Ich möchte doch mal fragen, was sich die Damen und Herren Werbestrategen so denken, wenn sie derartige Kampagnen starten. Wie, höre ich da nicht viel. Nun offen gestanden, es hat den Anschein. Nackte Haut, seien wir doch offen, zieht doch immer, wir alle haben als Teenager Schlüsselloch, Playboy und all die anderen schmuddeligen Zeitschriften unter der Matratze gehabe, und im Internatsspint hing doch immer eine Vollbusige überlebensgroß. Ja, was bei uns, (ähm ich spreche klarerweise von jungen Männern, was so in den Köpfen pubertierender Mädchen vorgeht, habe ich beim besten Willen noch nicht herausfinden können) in jungen Jahren wäßrige Augen (nicht nur…) bewirkt hat, das geht doch immer. Heerscharen von Werbepsychologen und Marketingfritzen können nicht irren, der Schaureflex ist der wichtigste. Anscheinend ist die Botschaft noch nicht angekommen, daß man mit derartigen Holzhammermethoden den Verstand der potentiellen Konsumenten beleidigen kann, die dann zum Trotzreflex greifen, diese Firma werde meiden.
Nicht alles was witzig gemeint ist, ist auch witzig, manches Mal ist es im schlimmsten Fall beleidigend, im besten Fall einfach nur blöd, und wer will den ein blödes Produkt kaufen? (Nach der Implikation der Werbenden, die Haltung gegenüber dem Produkt wird von der Werbebotschaft vorgegeben.)
Habet Mut, euch eures Verstandes zu bedienen, meine Damen und Herren Werbenden. Setzt auf Witz, Intelligenz und Offenheit, manchmal, gelingt es euch sogar, das will ich euch zugestehen. Die Kampagne des Joghurts „Macht zwar nicht schlanker, aber es schmeckt“ ist ehrlich und hat Witz. Warum versucht ihr denn andauernd, euere Kunden für blöder zu verkaufen als sie sind? Vielleicht bin ich etwas zu optimistisch, aber ich behaupte mal, es weiß doch jeder, daß er um keine Spur schlanker wird, wenn er ein 0,1% Fett- Joghurt ist, anstatt ein 3,6%. Das eine Joghurt macht es nun beim besten willen nicht mehr aus? Oder? An dieser Stelle will ich auch die Kampagne der Wiener Linien hervorheben, da sie nun wirklich ihre Kunden nicht für blöd verkauft, sondern die Alltagssituationen in all ihrem Witz und Groteske darstellt.

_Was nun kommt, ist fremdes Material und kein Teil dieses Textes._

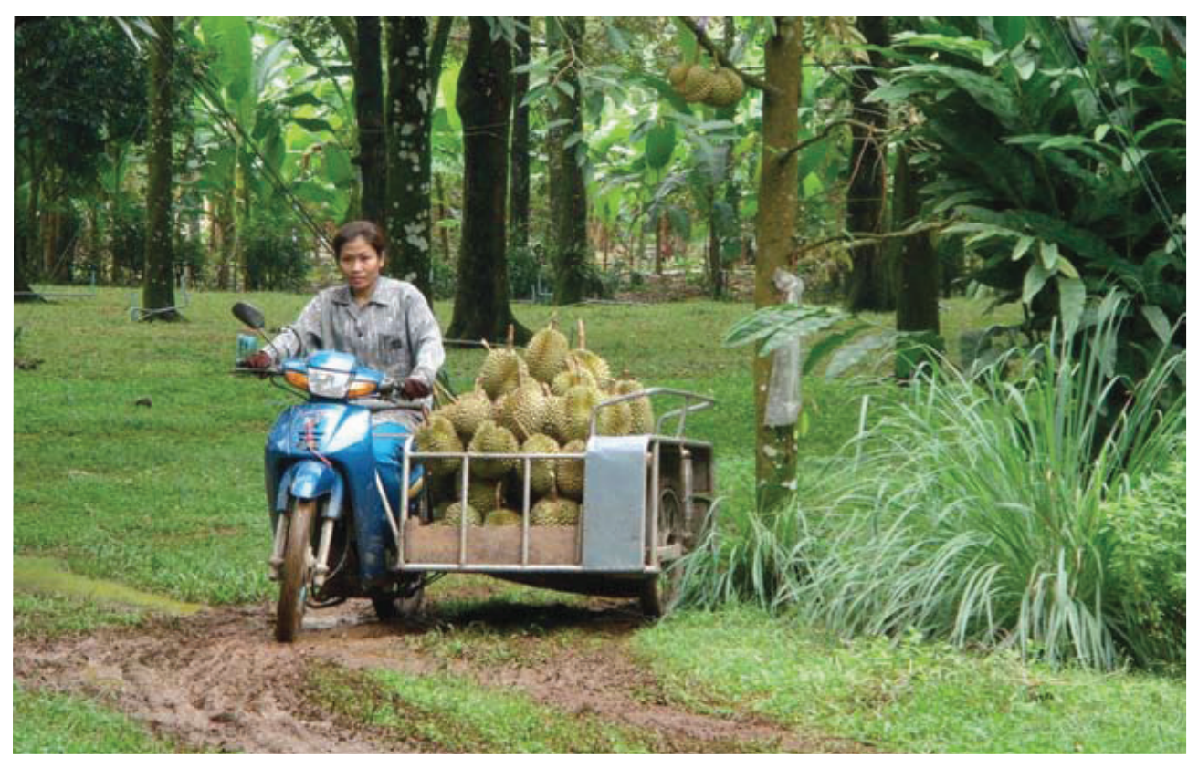
Harvesting durian in an orchard in Tha Mai, Chanthaburi

A ny social gathering in Thailand is showered with fruit. Not with endless cups of coffee, like in my homeland Holland, but with baskets of mangosteen, rambutan, longan, lamut or lychee. And of course durian – if only to try me out. Europeans reputedly detest the strong-smelling 'King of Fruits'. I happen to like it, and earn both admiration and disappointment.

Ich erinnere an das junge Mädchen, das im Morgengrauen vor der Tür ihrer Mutter steht, und zu ihr sagt, „Du hast doch gesagt mit dem letzten Bus!“ Leute, das kann was. Ich verstehe schon, daß nicht jede Kampagne unbedingt eine Meisterleistung sein kann, aber man wünscht sich halt schon etwas mehr Bemühen.
Ihr Damen und Herren Werbenden solltet endlich zur Kenntnis nehmen, daß ihr wertvollen und großflächigen Platz im öffentlichen Raum einnehmt, der ihr zugebener Maßen zwar bezahlt, aber das ist noch lange kein Grund, diesen mit Dummheiten zuzukleistern. Es gibt auch so etwas wie einen öffentlichen Auftrag, ja ja, schon gut, von Moral zu sprechen ist antiquiert und oberlehrerhaft. Das verlange ich auch nicht, mir ist schon klar, Werbegeld hat nun mal keine Moral, von Würde ganz zu schweigen, aber Dezenz. Und überhaupt, warum müssen wir Passanten uns denn alles gefallen lassen, nur weil es euch in euren dreimalkreativen Bureaus habt einfallen lassen?

Ich rufe zur ultimativen Plakatschändung auf, wem ein Plakat nicht gefällt, oder wer sich beleidigt fühl, hat das recht dieses zu übertünchen! Mit blau, mit gelb mit weiß mit allen möglichen Farben. Machen wir uns die Stadt wieder zu eigen und gestalten sie wirklich bunt.

1 Kommentar:

Anonym hat gesagt…

soso, wir werbenden sind also ein hirnloser haufen. ich muss doch prtestieren.